A few years ago, I pointed out that multicloud is really not about the public clouds it’s built on. What I did not do is attempt to name it in an effort to claim myself as the creator of a new buzzword.
Not that I won’t pat myself on the back in all my narcissistic glory. Indeed, I’ve created buzzwords that turned out to be billion-dollar industries. However, I also know that when you give something a name it allows others to define it, which brings its usefulness way down. You end up defining a concept before it’s had a chance to evolve with use. Certainly, architecture patterns, such as the one that’s emerging above multiclouds, are something you don’t want to limit just yet.
Cloud watchers are seeing the emergence of a technology layer that sits above the collection of public clouds; this is really what multicloud is becoming. This layer of application development, operations, observability, security, governance, and other things exists above the public cloud providers that are bundled together to make a “multicloud.”

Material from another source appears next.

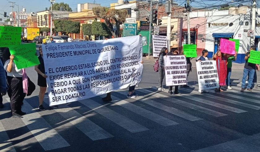 Un grupo de comerciantes establecidos del Centro Histórico, se manifestaron con lonas y pancartas sobre Avenida Zaragoza, en su intersección con la calle de Allende para exigir que se retire a los comerciantes ambulantes, por considerar que a pesar de las medidas iniciadas por el municipio de Querétaro, continúan en las calles como una competencia desleal para sus negocios.

Terms that are beginning to emerge, such as “supercloud,” “distributed cloud,” “metacloud” (my vote), and “abstract cloud.” Even the term “cloud native” is up for debate. To be fair to the buzzword makers, they all define the concept a bit differently, and I know the wrath of defining a buzzword a bit differently than others do. The common pattern seems to be a collection of public clouds and sometimes edge-based systems that work together for some greater purpose.
The metacloud concept will be the single focus for the next 5 to 10 years as we begin to put public clouds to work. Having a collection of cloud services managed with abstraction and automation is much more valuable than attempting to leverage each public cloud provider on its terms rather than yours.
We want to leverage public cloud providers through abstract interfaces to access specific services, such as storage, compute, artificial intelligence, data, etc., and we want to support a layer of cloud-spanning technology that allows us to use those services more effectively. A metacloud removes the complexity that multicloud brings these days. Also, scaling operations to support multicloud would not be cost-effective without this cross-cloud layer of technology.
Thus, we’ll only have a single layer of security, governance, operations, and even application development and deployment. This is really what a multicloud should become. If we attempt to build more silos using proprietary tools that only work within a single cloud, we’ll need many of them. We’re just building more complexity that will end up making multicloud more of a liability than an asset.
I really don’t care what we call it, and I really don’t care if I put my own buzzword into the mix. However, this does not change the fact that metacloud is perhaps the most important architectural evolution occurring right now, and we need to get this right out of the gate. If we do that, who cares what it is named.